Hoda Tawakol’s practice is built on the twin pillars of wit and criticality. Her colorful, engaging textile works—collages, sculptures, installations—ripple with vitality, while tackling compelling issues of gender and bodily control. At once captivating and disarming, the works spring from a range of media, yet focus largely on the female body, its distortions and transformations across a woman’s lifecycle. The artist’s hallmark fabric sculptures of date palm trees, while stemming from the plant realm, wittily probe bodily questions of gender fluidity.
Tawakol herself is culturally liminal. Egypt-born, raised in France and Germany by an interchanging trio of ‘mothers,’ she not only navigates an ‘in-between’ that percolates through her identity, she layers this suspension into her practice. Her works are spirited—boisterous, wall-filling textile collages, rambunctious fabric installations, and plump sculptures that revel in the uncanny. Yet wrapped within these vigorous creations lie deeper questions around biopower, control, and corporal manipulation.

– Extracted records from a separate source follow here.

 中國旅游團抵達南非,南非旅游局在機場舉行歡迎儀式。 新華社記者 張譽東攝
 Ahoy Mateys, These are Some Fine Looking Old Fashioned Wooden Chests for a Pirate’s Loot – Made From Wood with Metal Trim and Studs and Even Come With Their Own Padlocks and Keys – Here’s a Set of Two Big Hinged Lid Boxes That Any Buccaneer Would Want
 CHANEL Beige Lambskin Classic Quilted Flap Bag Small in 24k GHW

Tawakol’s practice vibrates with feminist energy. While her hand-dyed and intimately sewn textile pieces clearly signpost questions of women’s labor, she also interrogates the wider yet more insidious forces (social, biological, cultural) impacting the female body. Sculptural gestures of abstraction and manipulation probe gender restrictions; superposed grids and lattices conjure sensations of confinement, concealment, repression; allusions to ancient rituals and embodied practices fathom death and procreation.
While her artistic strategy is focused—stay vivacious yet critical, vaguely salacious yet deeply earnest—her material mastery is vast. A diversity of unpredictable hand-dyeing techniques—batik, spotting, painting, tie-dye—vivify her textile work. Similarly, her watercolour and ink compositions on paper are the fruit of a teetering negotiation with chance, and a surprising relinquishing of control. Her sculptures, whether assertively figurative or cryptically morphed, enlist a variety of materials with which she consistently experiments.

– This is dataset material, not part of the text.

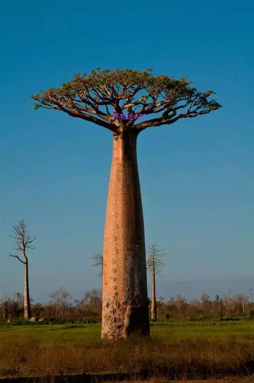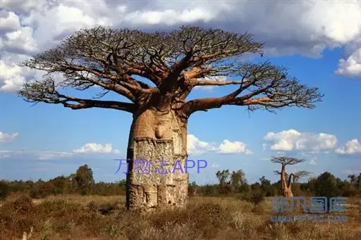 带叶时期的猴面包树 猴面包树还是植物界的老寿星之一,即使在热带草原那种干旱的恶劣环境中,其寿命仍可达5000年左右。据有关资料记载,18世纪,法国著名的植物学家阿当松在非洲见到一些猴面包树,其中最老的一棵已活了5500年。由于当地民间传说猴面包树是“圣树”,因此受到人们的保护。

Hoda Tawakol’s work has been exhibited in numerous institutions and galleries in Germany, including Schirn Kunsthalle in Frankfurt, Weserburg Museum of Modern Art in Bremen, Religio Westfälisches Museum für religiöse Kultur in Telgte, Kunstverein in Hamburg, Kunsthaus in Hamburg and Produzentgalerie in Hamburg and Berlin. Internationally, she has shown at gallery Isabelle van den Eynde in Dubai, at Sfeir-Semler gallery in Germany and Lebanon, Beton Art Space in Denmark, and at 10th Velada Santa Lucia in Venezuela. Her work appears in the following collections: The Salama bint Hamdan Al Nahyan Foundation (SHF), Abu Dhabi; The Progressive Art Collection, USA; Huma Kabakci Collection, Turkey, UK; Sammlung Haus N, Germany; Sohst-Brennenstuhl Collection, Germany, among others.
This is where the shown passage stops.